Anna Zemánková

1908-1986 · Moravia, Czechia

Every day before dawn, between four and seven, a Moravian housewife drew flowers that exist in no garden on earth. Then she made her family breakfast.

Anna Zemánková, from the family archive.
Anna Zemánková, from the family archive. Photo: rodinný archiv Terezie Zemánkové, CC BY-SA 4.0, via Wikimedia Commons.

The life

Zemánková trained and worked as a dental technician before marriage and motherhood in Brno and Prague absorbed her middle years. In her fifties, weathering depression and the losses that gather by then, she began rising in the small hours to draw at the dining table, in a trance-adjacent calm she guarded carefully.
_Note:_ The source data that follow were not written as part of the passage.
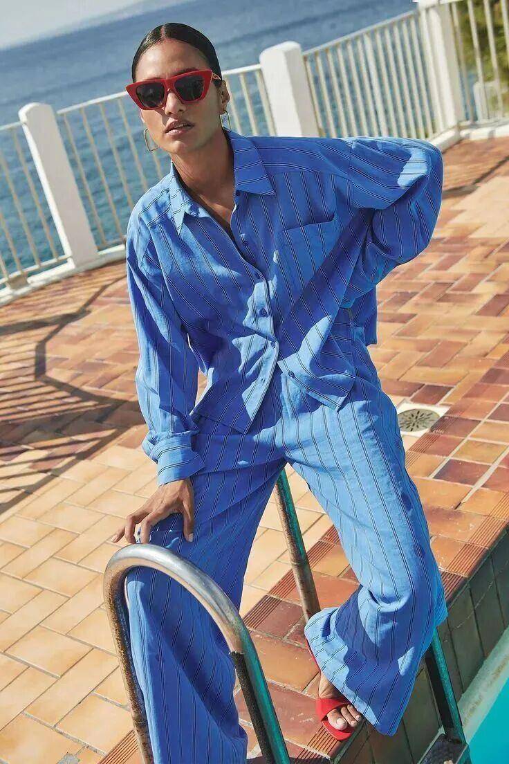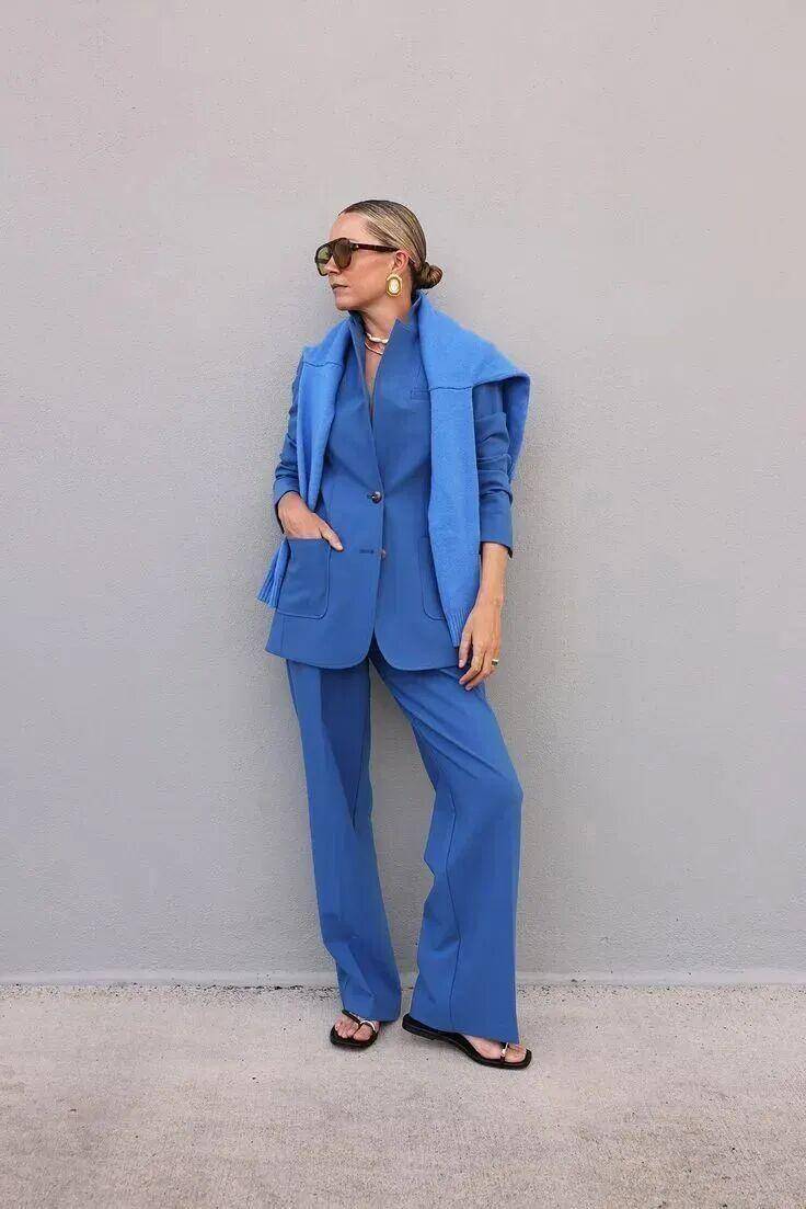 对于亚洲肤色来说,码头蓝堪称友好色天花板。一身同色系码头蓝西装,干练知性,完美适配职场。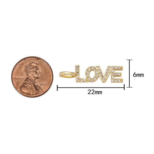 2pc 18k Gold Micro Pave Love Word Charm Rectangle in Drop Pendant for Necklace Earring Component-6x22mm- Large Bail
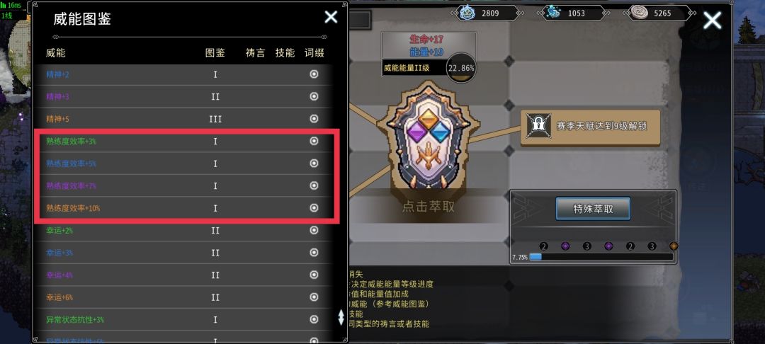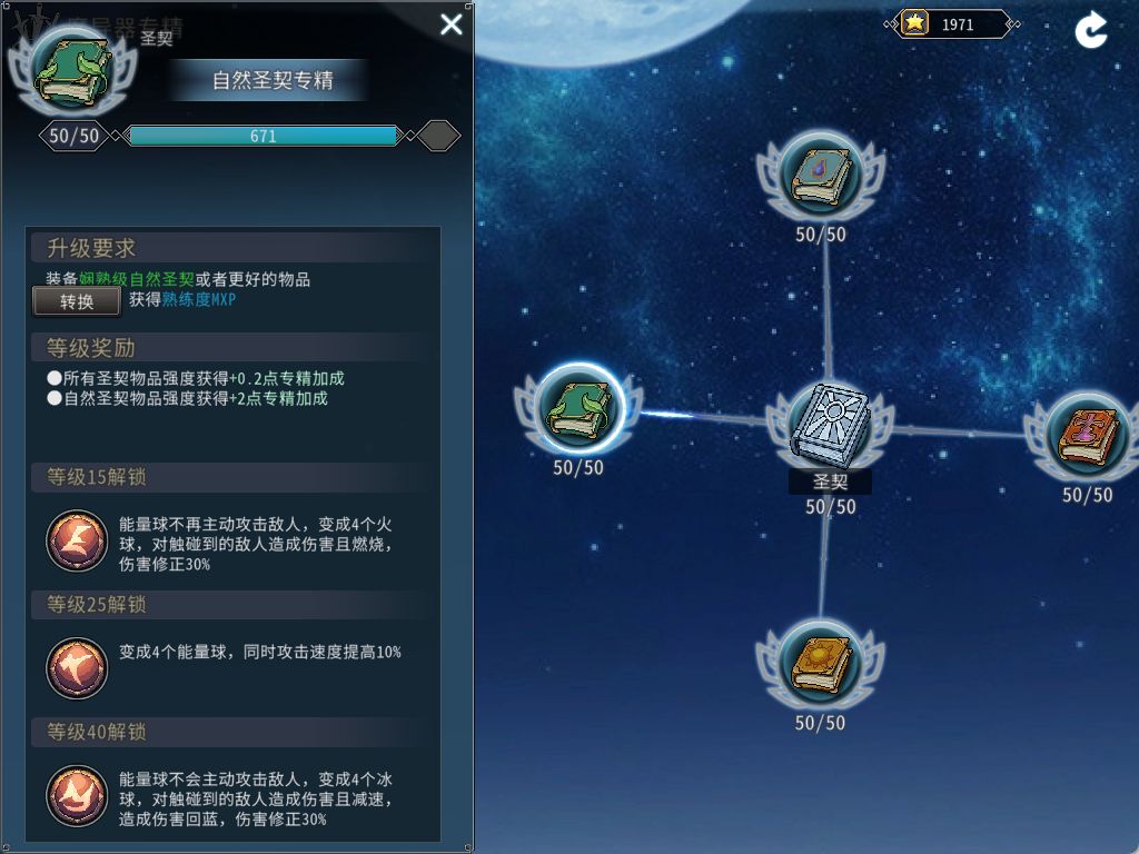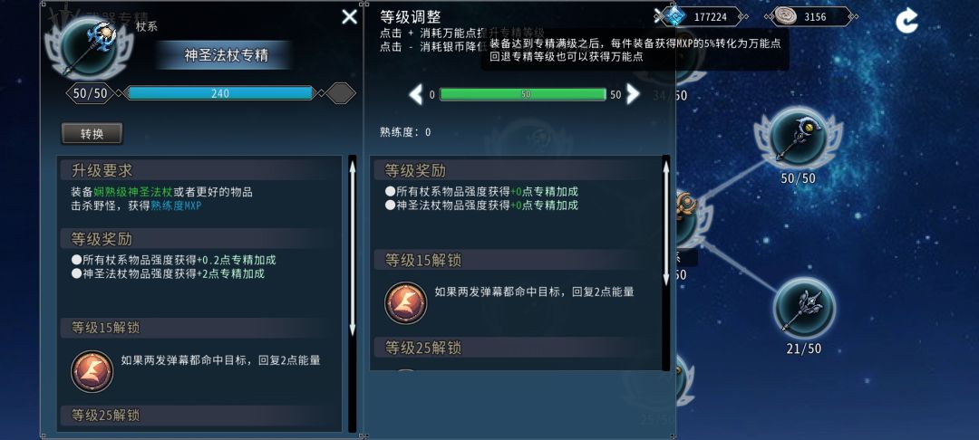 除了获得属性加成外,达到一定专精等级还能解锁对应的效果。最多只能选择1个效果。

Her family framed and championed the work; Venice hung it in the Biennale’s Encyclopedic Palace in 2013, decades after her death.

The work

Pastel botanicals from a parallel evolution: blooms with gills, seed pods like reliquaries, tendrils in confident arcs, later embellished with embossing, perforation, crochet and satin stitch until the drawings became part textile. The colour glows as if lit from behind the paper.

Why we love them

Three hours of sovereignty per day, taken before anyone else woke up, for decades. The discipline is as beautiful as the flowers.